Being Orange is also about open mindedness, innocence and trust. These three traits go hand-in-hand in our OSU community. One of my favorite parts about Beaver Nation is that it is not uncommon for random people to just walk into your house, realize it was not the house they were looking for, apologize and be on their merry way. Just last night I was sitting on my couch watching television and three guys I didn’t know walked through my door. We had a small conversation before they realized that they were in the wrong house, and they left a couple beers on their way out. This may seem weird everywhere else in the world, but it is what makes me proud to call Corvallis home.

Compassion also plays a large role in the Orange community. It seems that a large majority of Oregon State students are very thoughtful and kind to one another. Oregon State does not just offer an education, it offers a home. A home that is full of people that will build you up when you are down. One that is full of people trying to reach out to one another. The individuality on this campus is not something that divides us, but instead it brings us closer together. It is shown that through the compassion shown to one another unifies our community as a whole. It is not uncommon to see a posting on our “Things Overheard at Oregon State” Facebook page about a lost I.D. or credit card, and people trying to contact whoever the card belongs to. People combine their efforts in order to help one another, that is what being orange is all about.

Being Orange is not just about the five core values that are listed on the Oregon State website. To Be Orange is to appreciate everything this town and university has to offer. Each individual at OSU is the “child raised in the village” and I am proud to see what people grow into at this university.

Be developing. Be Orange.  March 21st, 2014

Submitted by Lauren Buster

The phrase, “Be Orange,” encompasses many values held by the OSU community.  To me,  the values of development and being orange are almost synonymous.  I see being orange defined by the Oregon State University Strategic Plan as implementing the values of diversity, respect, accountability, integrity, social responsibility.  I will explain why I believe that all of these values promote development in the community of Oregon State University.
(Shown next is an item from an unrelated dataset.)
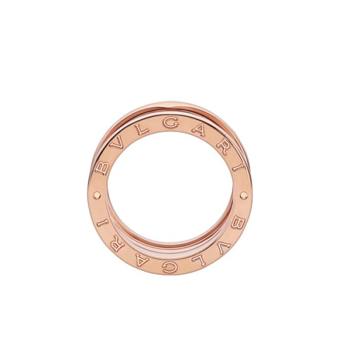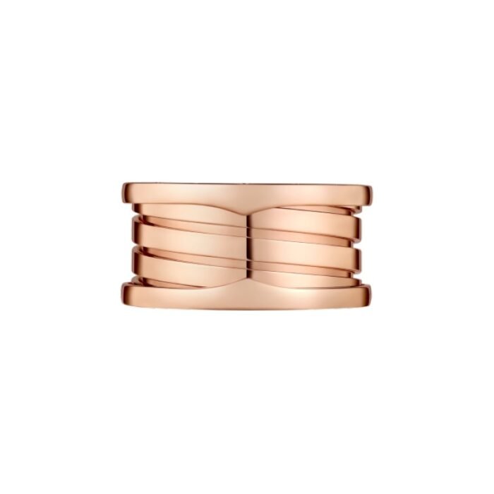 Inspired by the world-famous amphitheater, the Colosseum, the B.zero1 ring is a true expression of Bvlgari??s creative vision, challenging the very essence of jewellery design. Its unique, pure spiral shape symbolises the harmony of past, present and future ?C reflected in the magnificence of the Eternal City ?C and the pioneering spirit of the collection. B.zero1 four-band ring in 18K rose gold.

Diversity is defined as the ability to welcome, respect, and interact with people who are different than us.  This is seen through OSU’s many diversity clubs and cultural centers, as well as study-abroad programs and cultural classes.  I believe that each of these things helps with development for OSU students.  Diversity clubs and cultural centers develop both a greater knowledge of other cultures. and personal pride in one’s own culture.  Study abroad programs promote the development of greater cultural understanding and grow independence.  Cultural classes also develop cultural knowledge and understanding.

Respect is defined as recognizing the worth and excellence of someone/something.  This is seen throughout campus in the way that classes are conducted, and diverse viewpoints and backgrounds are supported.  Every teacher I have had a class with has always had a great amount of respect for students’ questions and opinions, and the students have held that same amount of respect for teachers and classmates.  The respect in classrooms doesn’t simply stop at being understanding of differing views.  Teachers also demonstrate their respect towards students by seeing their potential and pushing them to be the best they can be.  I think that is a sign of respect that often goes unnoticed.  Without this, though, students would not see any development in the areas of hard-work, discipline, and learning.

Accountability is defined at OSU as being cooperatively loyal to and responsible for the community and all of the resources entrusted to us.  This is a multi-faceted value.  It deals with overall wellness of the people of OSU, and sustainability of natural and financial resources.  I believe that this closely relates to the value of social responsibility, too.  The overall wellness of OSU’s community is ensured in programs like Student Health Services, Counseling & Psychological Services, Orange Rewards, and Dixon Recreation Center.  These all promote development of physical, spiritual, emotional, mental, and financial well-being.  This university is known for being sustainable in a large variety of ways.  Being bike friendly, earning sustainability awards, and having many sustainability programs and events are among some of the ways OSU promotes sustainability.  The commitment to holding everyone responsible for our natural resources develops our concern for sustainability.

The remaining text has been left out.